Subject: Re: port-dreamcast/34243
To: None <port-dreamcast-maintainer@netbsd.org, gnats-admin@netbsd.org,>
From: Valeriy E. Ushakov <uwe@ptc.spbu.ru>
List: netbsd-bugs
Date: 08/22/2006 06:05:04
The following reply was made to PR port-dreamcast/34243; it has been noted by GNATS.
From: "Valeriy E. Ushakov" <uwe@ptc.spbu.ru>
To: gnats-bugs@netbsd.org
Cc: Yasushi Oshima <oshima-ya@yagoto-urayama.jp>
Subject: Re: port-dreamcast/34243
Date: Tue, 22 Aug 2006 06:36:09 +0400
I can reproduce this problem on my usl-5p (running uncomitted landisk
port, with Nonaka-san patches integrated into current -current).

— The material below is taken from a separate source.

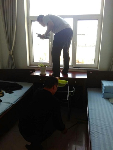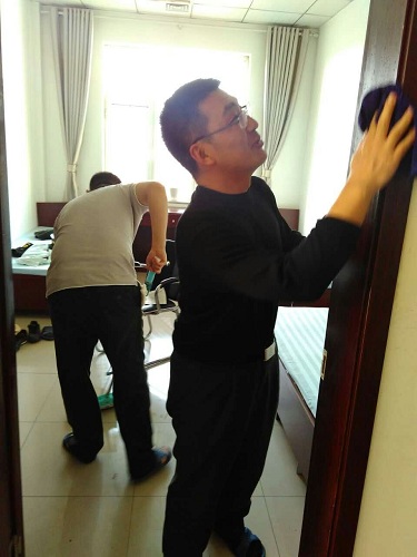 放置了很久的床底下,灰塵很多,我們先將床挪開,將地下角落里的灰塵打掃干凈,衣柜上面打掃不到、高的地方、死角徹底清掃,門框高處、門面用濕布擦干凈后再用干布擦一遍,防止留下水漬印,窗戶先是用濕布擦,最后用報紙再擦一遍,這樣擦出來的玻璃既干凈又明亮。

The machine would boot all the way to the login prompt, but login
attempt just never succeeds. If I boot into single user mode and run
passwd(1), it just "loops" consuming all the CPU.
Running passwd under gdb (with a slightly tweaked ld.elf_so that does
debugger handshake before calling .init sections):
# gdb -q passwd
(no debugging symbols found)...(gdb) run
Starting program: /usr/bin/passwd
(no debugging symbols found)...(no debugging symbols found)...
(no debugging symbols found)...(no debugging symbols found)...
(no debugging symbols found)...(no debugging symbols found)...
(no debugging symbols found)...(no debugging symbols found)...
^C(no debugging symbols found)...(no debugging symbols found)...
Program received signal SIGINT, Interrupt.
0x20690a9c in _init () from /usr/lib/libcom_err.so.4
(gdb) bt
#0 0x20690a9c in _init () from /usr/lib/libcom_err.so.4
#1 0x206907e0 in _init () from /usr/lib/libcom_err.so.4
#2 0x204234de in _rtld_call_init_functions (first=0x7fffdd50)
at /usr/src/libexec/ld.elf_so/rtld.c:147
#3 0x20423466 in _rtld_call_init_functions (first=0x20416e00)
at /usr/src/libexec/ld.elf_so/rtld.c:141
#4 0x20423466 in _rtld_call_init_functions (first=0x20416c00)
at /usr/src/libexec/ld.elf_so/rtld.c:141
#5 0x20423466 in _rtld_call_init_functions (first=0x20416a00)
at /usr/src/libexec/ld.elf_so/rtld.c:141
#6 0x20423466 in _rtld_call_init_functions (first=0x20416800)
at /usr/src/libexec/ld.elf_so/rtld.c:141
#7 0x20423466 in _rtld_call_init_functions (first=0x20416600)
at /usr/src/libexec/ld.elf_so/rtld.c:141
#8 0x20423466 in _rtld_call_init_functions (first=0x20416400)
at /usr/src/libexec/ld.elf_so/rtld.c:141
#9 0x2042427a in _rtld (sp=0x7fffddac, relocbase=541209686)
at /usr/src/libexec/ld.elf_so/rtld.c:477
(gdb) x/i $pc
0x20690a9c <_init+720>: mov.l @r4,r1
This is inside frame_dummy() called rfom libcom_err.so .init
Continuing passwd and interrupting it again later (it's still stuck)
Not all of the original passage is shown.